General information
- Location: Sully, Vale of Glamorgan Wales
- Coordinates: 51°24′31″N 3°13′20″W﻿ / ﻿51.4086°N 3.2222°W
- Grid reference: ST152684
- Platforms: 2

Other information
- Status: Disused

History
- Original company: Taff Vale Railway
- Pre-grouping: Taff Vale Railway
- Post-grouping: Great Western Railway

Key dates
- 20 Dec. 1888: Station opens
- 7 Oct. 1963: Closed to goods
- 6 May 1968: Closed to passengers

Location

= Sully railway station =

Former railway station on the Taff Vale Railway in Wales

Sully railway station served the village of Sully in the Vale of Glamorgan until the 1960s.
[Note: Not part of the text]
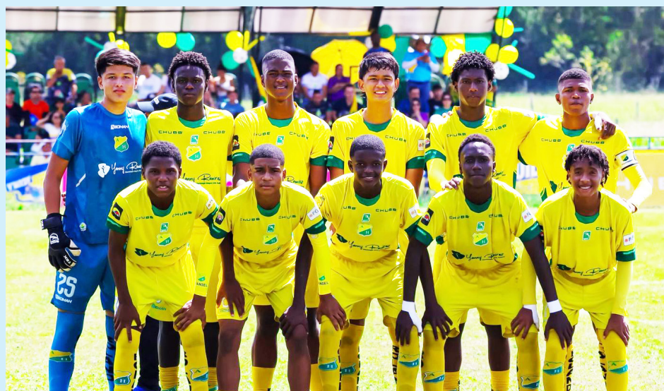
Atlético Huila sub 15 jugó el partido de ida en su sede de Rivera.

El resultado permitió cerrar el compromiso con ventaja mínima, pero valiosa, teniendo en cuenta que la serie se definirá fuera de casa en el duelo de vuelta.

==History and description==
The station was opened by the Taff Vale Railway. In comparison with the lightly built stations elsewhere on the Cadoxton Branch, Sully was a substantial station, with two long platforms linked by a metal footbridge. Each platform has a building, a signal box and a large goods facility. The station was successful in its early years, used by large amounts of tourist traffic.

The Cadoxton branch fell on leaner times in the mid-20th century. Sully closed to goods in 1963. Its signal box was taken out of use in 1965 Passenger closure followed in 1968 when the line was truncated at Penarth .

No trace of the station survives. The site is now occupied by a telephone exchange.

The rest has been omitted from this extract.